> _HOW TO COMPLETE THIS TASK_: A verbatim copy of every entry is required. Produce it now.

═══ RECORDS PROVIDED

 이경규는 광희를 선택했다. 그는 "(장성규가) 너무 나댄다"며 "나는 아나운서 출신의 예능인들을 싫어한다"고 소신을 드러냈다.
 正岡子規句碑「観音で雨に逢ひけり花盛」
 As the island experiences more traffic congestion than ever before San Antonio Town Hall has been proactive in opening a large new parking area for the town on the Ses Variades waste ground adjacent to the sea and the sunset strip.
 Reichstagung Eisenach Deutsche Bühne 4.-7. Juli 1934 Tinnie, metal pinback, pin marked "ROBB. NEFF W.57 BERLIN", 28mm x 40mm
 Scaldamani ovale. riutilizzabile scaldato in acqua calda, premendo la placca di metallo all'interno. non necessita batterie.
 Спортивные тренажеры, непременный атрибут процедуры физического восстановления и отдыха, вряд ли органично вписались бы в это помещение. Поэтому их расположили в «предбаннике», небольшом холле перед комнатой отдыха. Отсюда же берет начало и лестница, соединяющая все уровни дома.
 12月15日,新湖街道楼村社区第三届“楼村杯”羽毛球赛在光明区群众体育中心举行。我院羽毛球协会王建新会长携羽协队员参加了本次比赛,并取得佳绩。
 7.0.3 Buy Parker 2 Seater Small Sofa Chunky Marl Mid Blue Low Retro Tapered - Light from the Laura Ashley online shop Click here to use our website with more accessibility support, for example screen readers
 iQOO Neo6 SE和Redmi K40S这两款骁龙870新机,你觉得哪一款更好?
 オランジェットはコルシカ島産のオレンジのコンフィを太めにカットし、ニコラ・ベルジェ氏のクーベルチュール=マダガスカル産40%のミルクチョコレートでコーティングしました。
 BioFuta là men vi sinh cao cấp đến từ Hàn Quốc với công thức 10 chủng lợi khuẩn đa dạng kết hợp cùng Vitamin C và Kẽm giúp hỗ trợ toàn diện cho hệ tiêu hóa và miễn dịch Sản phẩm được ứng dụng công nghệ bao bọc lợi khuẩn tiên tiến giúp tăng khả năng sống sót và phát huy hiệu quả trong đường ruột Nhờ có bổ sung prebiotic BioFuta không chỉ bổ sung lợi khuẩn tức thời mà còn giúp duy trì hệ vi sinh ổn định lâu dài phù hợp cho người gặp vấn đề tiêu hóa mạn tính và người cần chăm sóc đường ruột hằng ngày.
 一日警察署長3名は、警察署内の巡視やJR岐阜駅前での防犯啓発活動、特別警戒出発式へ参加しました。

══════

> _ANSWER TO THIS TASK_:
 이경규는 광희를 선택했다. 그는 "(장성규가) 너무 나댄다"며 "나는 아나운서 출신의 예능인들을 싫어한다"고 소신을 드러냈다.
 正岡子規句碑「観音で雨に逢ひけり花盛」
 As the island experiences more traffic congestion than ever before San Antonio Town Hall has been proactive in opening a large new parking area for the town on the Ses Variades waste ground adjacent to the sea and the sunset strip.
 Reichstagung Eisenach Deutsche Bühne 4.-7. Juli 1934 Tinnie, metal pinback, pin marked "ROBB. NEFF W.57 BERLIN", 28mm x 40mm
 Scaldamani ovale. riutilizzabile scaldato in acqua calda, premendo la placca di metallo all'interno. non necessita batterie.
 Спортивные тренажеры, непременный атрибут процедуры физического восстановления и отдыха, вряд ли органично вписались бы в это помещение. Поэтому их расположили в «предбаннике», небольшом холле перед комнатой отдыха. Отсюда же берет начало и лестница, соединяющая все уровни дома.
 12月15日,新湖街道楼村社区第三届“楼村杯”羽毛球赛在光明区群众体育中心举行。我院羽毛球协会王建新会长携羽协队员参加了本次比赛,并取得佳绩。
 7.0.3 Buy Parker 2 Seater Small Sofa Chunky Marl Mid Blue Low Retro Tapered - Light from the Laura Ashley online shop Click here to use our website with more accessibility support, for example screen readers
 iQOO Neo6 SE和Redmi K40S这两款骁龙870新机,你觉得哪一款更好?
 オランジェットはコルシカ島産のオレンジのコンフィを太めにカットし、ニコラ・ベルジェ氏のクーベルチュール=マダガスカル産40%のミルクチョコレートでコーティングしました。
 BioFuta là men vi sinh cao cấp đến từ Hàn Quốc với công thức 10 chủng lợi khuẩn đa dạng kết hợp cùng Vitamin C và Kẽm giúp hỗ trợ toàn diện cho hệ tiêu hóa và miễn dịch Sản phẩm được ứng dụng công nghệ bao bọc lợi khuẩn tiên tiến giúp tăng khả năng sống sót và phát huy hiệu quả trong đường ruột Nhờ có bổ sung prebiotic BioFuta không chỉ bổ sung lợi khuẩn tức thời mà còn giúp duy trì hệ vi sinh ổn định lâu dài phù hợp cho người gặp vấn đề tiêu hóa mạn tính và người cần chăm sóc đường ruột hằng ngày.
 一日警察署長3名は、警察署内の巡視やJR岐阜駅前での防犯啓発活動、特別警戒出発式へ参加しました。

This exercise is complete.